Malos talks to it, when he’s bored, which is often.
And then Malos reaches the sea, stands by the shore, watching waves come and go, over and over again, propelled by nothing he can see, almost like they are spellbound like he was, when he was born. And he looks at the core crystal in his hands, still dark and dull, and for a fateful moment, he considers throwing it into the sea. It’s been so long, now, after all. Surely, if it was meant to awaken, it would have done it now. Surely, if it was meant to be, it would be already.
Malos holds it above his head, prelude of movement not quite realized, and finds he can’t. He doesn’t know why – hate, hate, hate – but he can’t. His arm will not obey. Something deeper than himself, something that lurks in his own subconscious, it refuses.
Refuses.
Malos lowers his arm, brings the core crystal down, so he can look at it from up close. Then he presses it against his own, on his chest.

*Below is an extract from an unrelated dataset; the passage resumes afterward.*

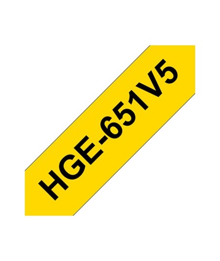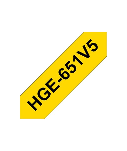 Fita HGe de alta qualidade para rotuladora eletrónica.¶Concentração de bisfenol A inferior a 0,1% em massa. (de acordo com a legislação em vigor).¶¶Características principais¶Maior resolução ou maior velocidade¶Texto preto sobre fundo amarelo¶24 mm de largura¶8 metros de comprimento¶Caixa de 5 unidades¶¶Utilizável nos equipamentos que mostram o logotipo HG e HGe. ¶Tem duas propriedades adicionais sobre as fitas laminadas standard: maior resolução ao imprimir para uma melhor leitura da etiqueta ou permitem imprimir etiquetas a maior velocidade, ideal para profissionais que têm que imprimir muitas etiquetas ao mesmo tempo. Utilizadas para uma etiquetagem no geral em superfícies lisas e planas, são etiquetas claramente legíveis por muito tempo. ¶As fitas laminadas da Brother estão desenhadas para durar, inclusivamente sob condições extremas e são capazes de aguentar temperaturas extremas, luz solar, água, substâncias químicas ou abrasão. ¶Há muitas fitas laminadas disponíveis numa grande variedade de cores e tamanhos para usar a etiqueta mais adequada em cada ocasião.¶¶

A core crystal can only be awakened by a creature with a soul that overflows.
The first pulse of light is almost drowned by the innate darkness that clouds Malos’ core crystal. Darkness is his element. His nature. The second pulse is unmistakable. Then a third.
The core crystal collapses into itself, floating away from Malos’ hand, reshaping into the final form. It floats so high Malos expects the awakening Blade to be a monstrous thing, but instead the core crystal settles on his forehead. Somewhere in the depths of himself, in the places where all that unknown knowledge comes from, Malos feels something crack. It hurts and he doesn’t know why, as the newborn Blade doesn’t scream, doesn’t flail or panic. He stands there, serene, and meets Malos’ stare head on.
“My name is—”
“Jin,” Malos says, and then, finally, the compulsion dies. He feels it die, wither away, sink into the depths of his soul, never to be seen again.
“Yes,” Jin says, head tilted ever so slightly sideways, a bemused smile on his face. “And you are?”
“I don’t know,” Malos replies, shrugging expansively. “I think you’re supposed to help me figure it out.”